* EXERCISE AIM *
An exact transcription of all the entries is needed; pictures stay out.

─── DATASET EXTRACT ───

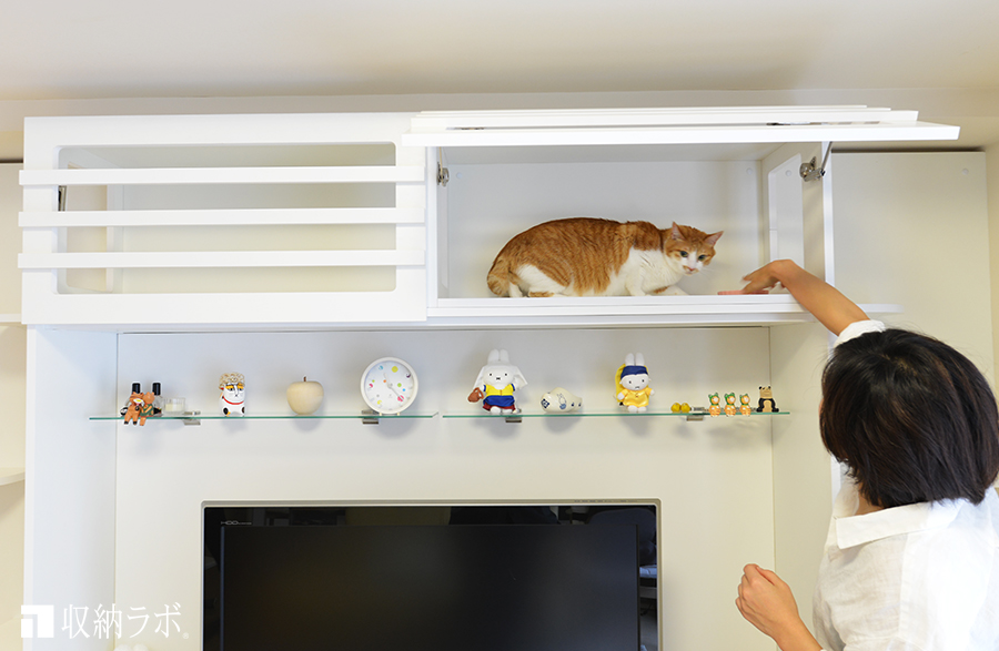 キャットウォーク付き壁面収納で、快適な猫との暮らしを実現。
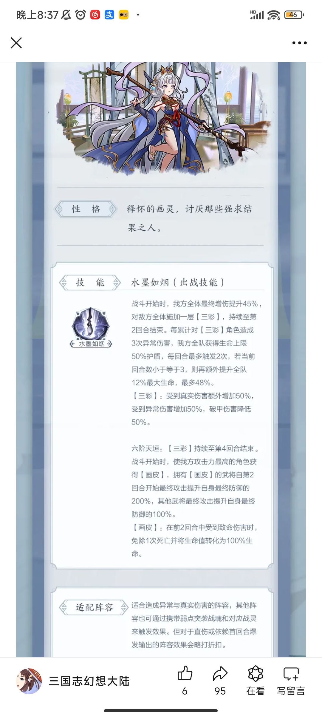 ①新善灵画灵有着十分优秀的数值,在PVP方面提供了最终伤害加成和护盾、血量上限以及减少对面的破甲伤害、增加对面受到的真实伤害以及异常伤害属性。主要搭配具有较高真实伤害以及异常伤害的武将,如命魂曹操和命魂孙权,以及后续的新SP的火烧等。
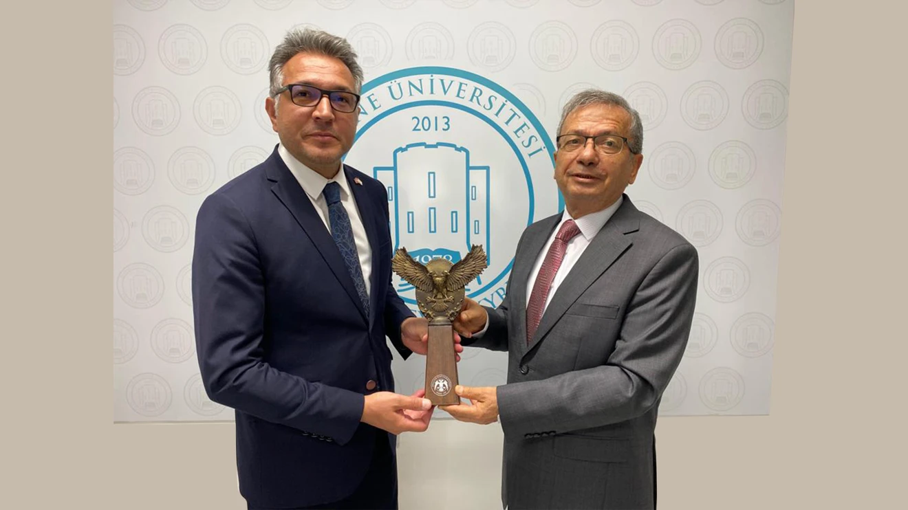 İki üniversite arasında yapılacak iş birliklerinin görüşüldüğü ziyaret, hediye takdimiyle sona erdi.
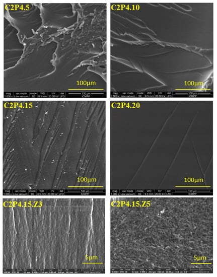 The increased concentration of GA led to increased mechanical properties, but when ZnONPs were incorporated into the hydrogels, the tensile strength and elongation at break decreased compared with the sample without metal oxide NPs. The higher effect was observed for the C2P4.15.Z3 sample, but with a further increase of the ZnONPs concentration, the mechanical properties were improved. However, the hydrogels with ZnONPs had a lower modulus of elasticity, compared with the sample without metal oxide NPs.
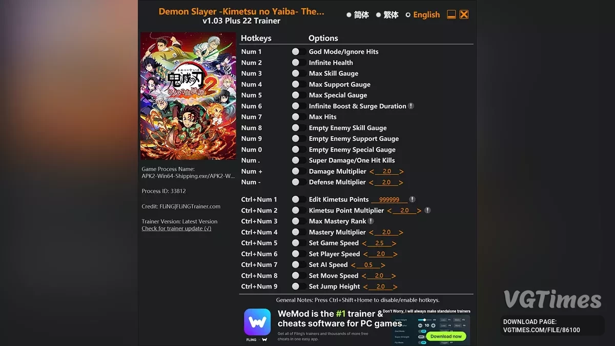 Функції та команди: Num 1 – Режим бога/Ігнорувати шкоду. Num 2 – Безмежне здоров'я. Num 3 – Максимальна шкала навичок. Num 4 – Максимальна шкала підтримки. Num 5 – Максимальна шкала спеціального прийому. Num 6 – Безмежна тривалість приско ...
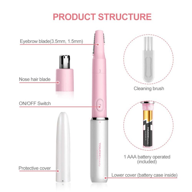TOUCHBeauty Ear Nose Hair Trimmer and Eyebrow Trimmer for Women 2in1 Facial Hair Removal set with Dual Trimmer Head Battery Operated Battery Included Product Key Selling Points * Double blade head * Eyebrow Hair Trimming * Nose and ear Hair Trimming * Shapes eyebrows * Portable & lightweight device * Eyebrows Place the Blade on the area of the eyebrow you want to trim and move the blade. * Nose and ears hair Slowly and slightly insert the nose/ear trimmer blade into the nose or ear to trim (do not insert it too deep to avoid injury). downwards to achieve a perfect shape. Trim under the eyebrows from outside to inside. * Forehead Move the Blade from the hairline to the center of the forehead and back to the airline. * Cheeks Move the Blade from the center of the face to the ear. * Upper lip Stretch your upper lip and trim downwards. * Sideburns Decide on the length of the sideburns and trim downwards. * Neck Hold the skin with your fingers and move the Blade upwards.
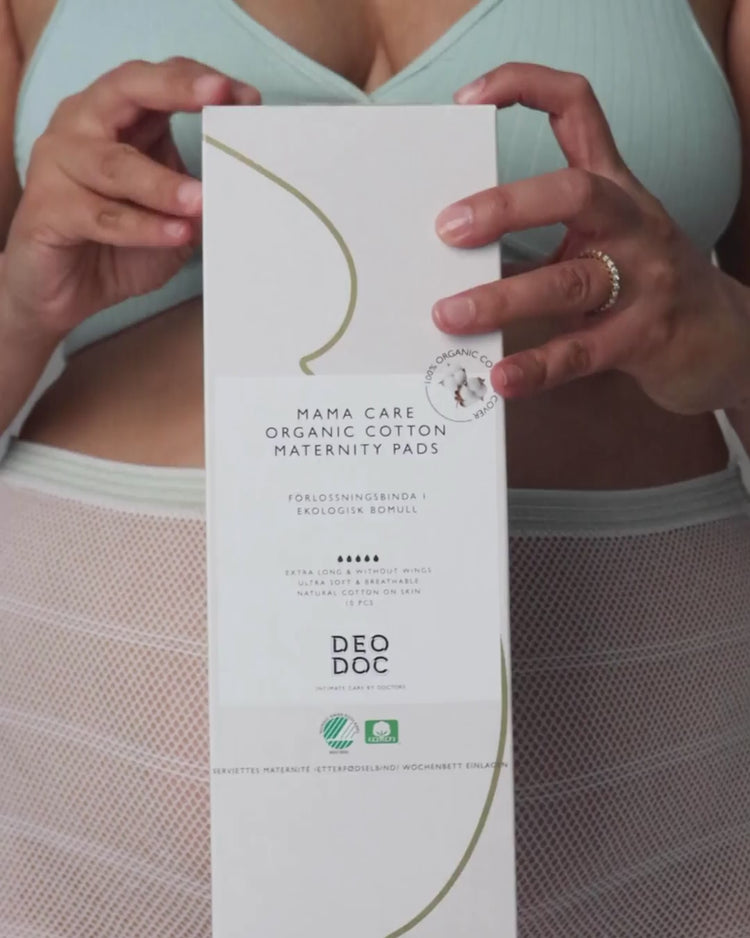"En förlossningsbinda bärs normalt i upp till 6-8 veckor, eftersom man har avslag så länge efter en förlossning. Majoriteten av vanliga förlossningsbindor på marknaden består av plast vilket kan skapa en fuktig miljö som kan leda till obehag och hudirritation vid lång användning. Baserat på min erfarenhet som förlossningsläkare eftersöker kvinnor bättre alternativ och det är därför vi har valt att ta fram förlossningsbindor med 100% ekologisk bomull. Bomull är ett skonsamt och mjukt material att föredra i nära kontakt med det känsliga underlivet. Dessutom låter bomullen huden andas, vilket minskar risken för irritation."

───

* RESULT OF THE EXERCISE *
 キャットウォーク付き壁面収納で、快適な猫との暮らしを実現。
 ①新善灵画灵有着十分优秀的数值,在PVP方面提供了最终伤害加成和护盾、血量上限以及减少对面的破甲伤害、增加对面受到的真实伤害以及异常伤害属性。主要搭配具有较高真实伤害以及异常伤害的武将,如命魂曹操和命魂孙权,以及后续的新SP的火烧等。
 İki üniversite arasında yapılacak iş birliklerinin görüşüldüğü ziyaret, hediye takdimiyle sona erdi.
 The increased concentration of GA led to increased mechanical properties, but when ZnONPs were incorporated into the hydrogels, the tensile strength and elongation at break decreased compared with the sample without metal oxide NPs. The higher effect was observed for the C2P4.15.Z3 sample, but with a further increase of the ZnONPs concentration, the mechanical properties were improved. However, the hydrogels with ZnONPs had a lower modulus of elasticity, compared with the sample without metal oxide NPs.
 Функції та команди: Num 1 – Режим бога/Ігнорувати шкоду. Num 2 – Безмежне здоров'я. Num 3 – Максимальна шкала навичок. Num 4 – Максимальна шкала підтримки. Num 5 – Максимальна шкала спеціального прийому. Num 6 – Безмежна тривалість приско ...
TOUCHBeauty Ear Nose Hair Trimmer and Eyebrow Trimmer for Women 2in1 Facial Hair Removal set with Dual Trimmer Head Battery Operated Battery Included Product Key Selling Points * Double blade head * Eyebrow Hair Trimming * Nose and ear Hair Trimming * Shapes eyebrows * Portable & lightweight device * Eyebrows Place the Blade on the area of the eyebrow you want to trim and move the blade. * Nose and ears hair Slowly and slightly insert the nose/ear trimmer blade into the nose or ear to trim (do not insert it too deep to avoid injury). downwards to achieve a perfect shape. Trim under the eyebrows from outside to inside. * Forehead Move the Blade from the hairline to the center of the forehead and back to the airline. * Cheeks Move the Blade from the center of the face to the ear. * Upper lip Stretch your upper lip and trim downwards. * Sideburns Decide on the length of the sideburns and trim downwards. * Neck Hold the skin with your fingers and move the Blade upwards.
"En förlossningsbinda bärs normalt i upp till 6-8 veckor, eftersom man har avslag så länge efter en förlossning. Majoriteten av vanliga förlossningsbindor på marknaden består av plast vilket kan skapa en fuktig miljö som kan leda till obehag och hudirritation vid lång användning. Baserat på min erfarenhet som förlossningsläkare eftersöker kvinnor bättre alternativ och det är därför vi har valt att ta fram förlossningsbindor med 100% ekologisk bomull. Bomull är ett skonsamt och mjukt material att föredra i nära kontakt med det känsliga underlivet. Dessutom låter bomullen huden andas, vilket minskar risken för irritation."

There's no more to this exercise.